What more can be said to MAGA Republican election deniers, after all this time with zero evidence of fraud, that would change their minds? The outreaching of which hand might convince them that climate change is real, even as glaciers melt, fires rage, oceans warm and acidify, and storms and heat waves bring death worldwide? That there aren’t 87,000 new IRS agents coming for their middle-class money; that Democrats aren’t for “open borders”? That the transgressions of January Six weren’t patriotic?
If there’s been political violence on “both sides,” there’s no equivalence, no comparable approval or fomenting from the left. In the past twenty years, there have been 122 political murders by right-wing American terrorists; by the left, one. Two-hundred sixty-seven right-wing plots or attacks since 2015; 66 by lefty extremists.
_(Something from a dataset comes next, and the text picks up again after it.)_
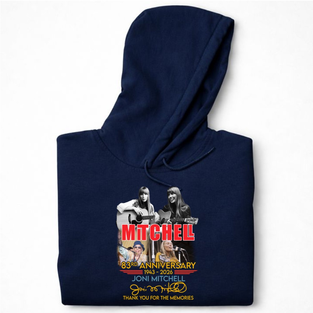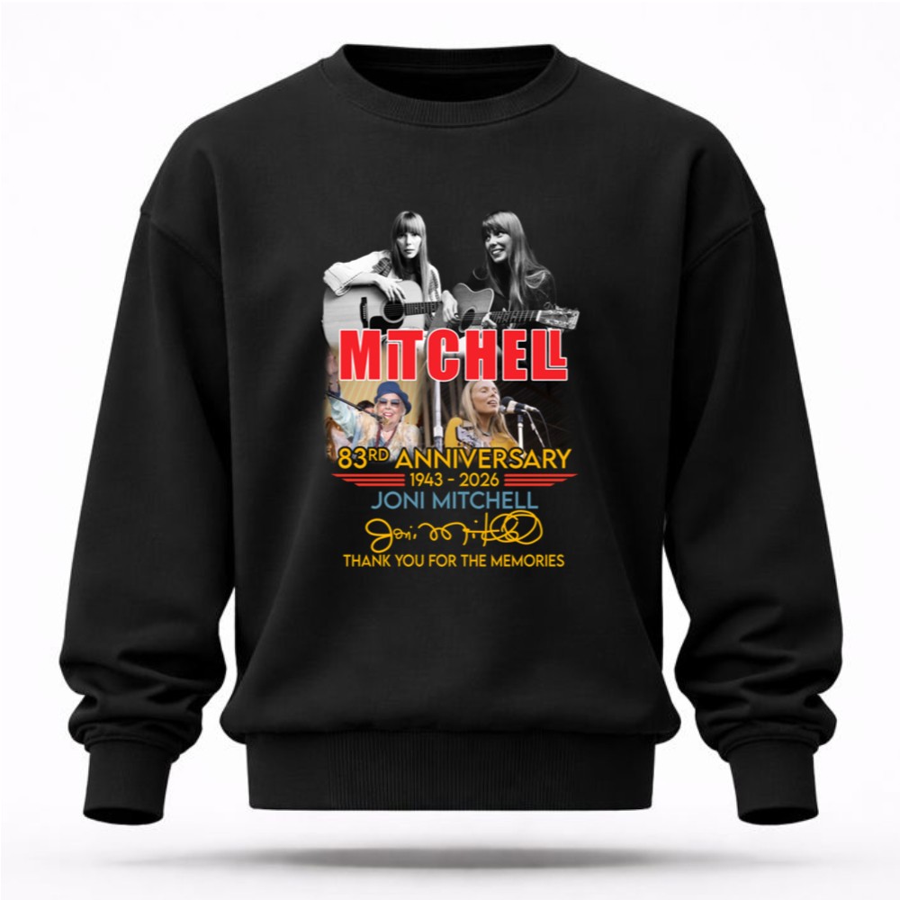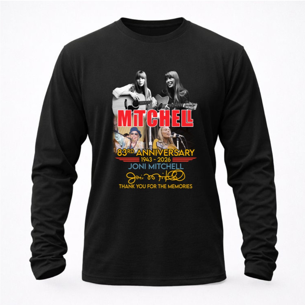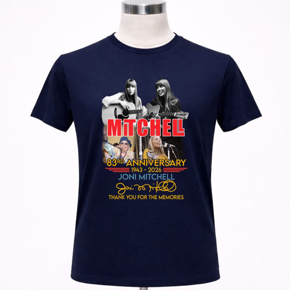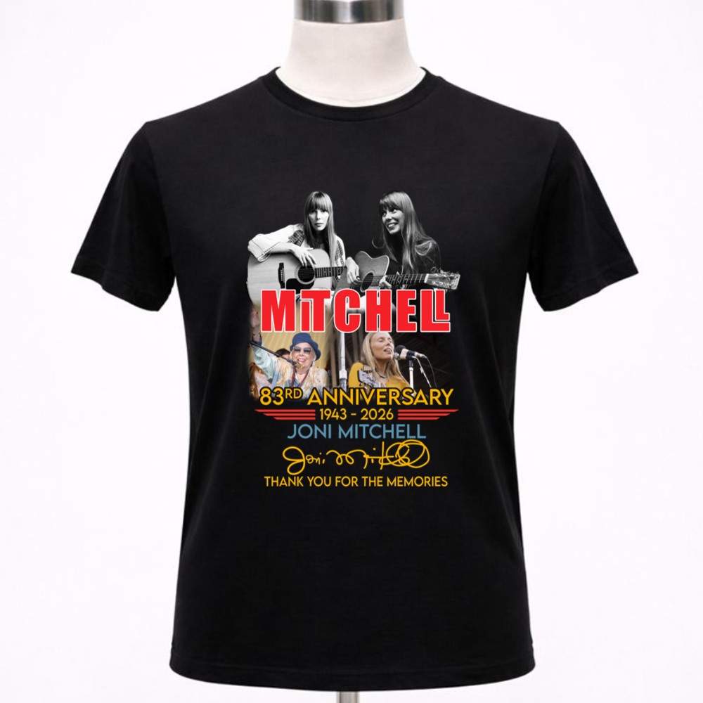 This design commemorates Joni Mitchell’s 83rd anniversary, inviting fans to reflect on her profound impact on music and culture. With iconic imagery and a vintage concert poster style, it evokes a sense of nostalgia, allowing us to celebrate the memories and artistry that have shaped generations of listeners. The words ‘Thank You For The Memories’ serve as a heartfelt reminder of her journey and the lasting connection she shares with her audience.

Nor is there equivalence in the lies coming from each side, including from the very top; or asking crowds to beat up protestors, promising to pay legal fees. Or in whose media conspiracy theories and other falsehoods spread like herpes. Only Trump has called America “Rigged, Crooked, and Evil.”
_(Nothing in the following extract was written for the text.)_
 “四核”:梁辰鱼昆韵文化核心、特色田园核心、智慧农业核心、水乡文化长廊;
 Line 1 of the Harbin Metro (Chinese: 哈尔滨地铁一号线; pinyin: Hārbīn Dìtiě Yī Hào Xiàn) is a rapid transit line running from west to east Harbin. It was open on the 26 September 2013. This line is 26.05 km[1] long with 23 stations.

The explanation isn’t difficult: in Trumpistan, democracy is the ultimate foe. Also, it’s too hard. Autocracy is easy.
For democracies to endure, citizens must accept two most basic requirements: first, that voters make the effort to educate themselves about their political world. Which, in today’s calamitous climate, means ceaseless effort to extricate singular truths from multitudinous lies.
Second, the lifeblood of functioning democracies – no longer of interest to MAGA Republicans and their propagandistic progenitors – is willingness to accept electoral, legislative, and judicial outcomes with which one disagrees. Including support for the peaceful, post-election transfer of power. Which is not to suggest remaining silent or forgoing working to effect change.
Because that’s the thing about democracies: not everyone agrees with you, and sometimes they win. MAGA is code for “return all power to white Christian males.” As that goal is threatened by our Constitutionally-mandated democratic processes, Trumpists are attempting to end them. Election denial is democracy rejection. It’s not mysterious.
The hard work of democracy affords little time off, whereas submitting to authoritarianism is a full-time vacation from responsibilities of citizenship. Go to rallies, thrill to the stoking. Trust your deified leader to tell you what to think, who’s your enemy, whom to blame for your failures; who’s your inferior, trying to take what you have. Or had, before that voting thing. Which must be repudiated, along with the undesirables it empowers. It’s history, in repetition mode.
And it’s Trump’s greatest con. And R leaders’. And every right-wing media star’s. Convincing millions who think they love this country to reject its indispensable Constitutional principles, while believing they’re upholding them. Accepting intentional destruction of democracy-preserving public education and fair elections. Persuaded to extinguish democracy, assured that, in doing so, they’re saving themselves. Ceding power (and riches) to Trumpic clones, who’ll protect them from not-them.
It's ironic. Once their preferred autocracy is established, they’ll have no more power than the ones from whom they think they regained it. Democracy, they’ll discover, is what kept them safe. It’s a lesson too late for the learning, made of lies, made of lies.